Existing ICEs will likely stay on the road until the 2050s, they will eventually get banned from city centers but many ICEs are already banned (my previous car was banned in 2020 in my city, and my current one will be in 2027, for example) and the used-car market doesn't seem to have suffered much if at all.
No, I get that it's only new cars, but what I meant what was that the attractiveness of an ICE will rapidly diminish way before the cutoff date of 2035. As other comments have said, infrastructure might heavily favour EVs (gas stations, parking lots, residential parking, city bans, tax incentives), making ICEs much less attractive even if you can still technically own and drive them.
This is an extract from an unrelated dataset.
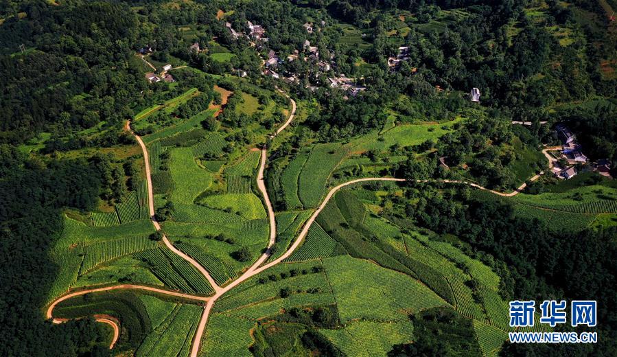 陜西省洛南縣石門鎮(zhèn)花廟村的連戶路(7月27日攝,無(wú)人機(jī)照片)。新華社記者劉瀟攝。
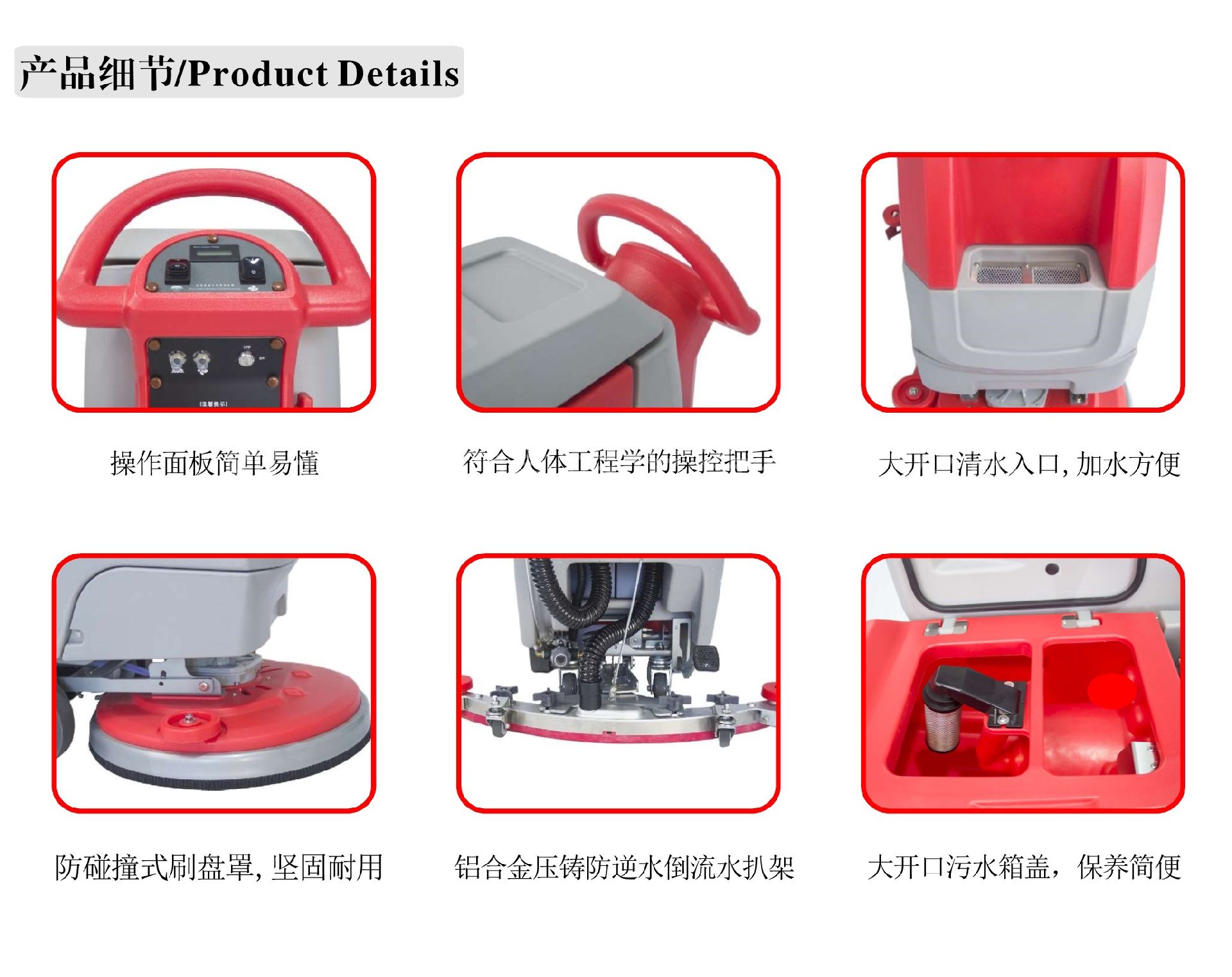 品牌洗地机操作面板简单易懂,符合人体工程学的操控把手,铝合金压铸防逆水倒流水扒架。大开口清水入口,加水方便,大开口式污水箱设计,保养简便。洗地设备双注水口加水设计,地面清洁设备可满足不同场所使用。按键式操作面板,简单易学。

For new cars, the models that are going to be sold over the next 12 years have already been developed, many car manufacturers have developed their last iteration ICEs, so except facelifts you can essentially just buy 12-year-old models in 2034/2035.
Put another way: Would you want to be the last guy to buy an Intel Mac if Apple had already announced their switch to ARM with all the changes that go along with it? Yes, you can still run it, yes there are still others who run it, but do you want to be the last holdout that buys that Intel machine right before the next Apple keynote finalising the switch?
Existing ICEs will likely stay on the road until the 2050s, they will eventually get banned from city centers but many ICEs are already banned (my previous car was banned in 2020 in my city, and my current one will be in 2027, for example) and the used-car market doesn't seem to have suffered much if at all.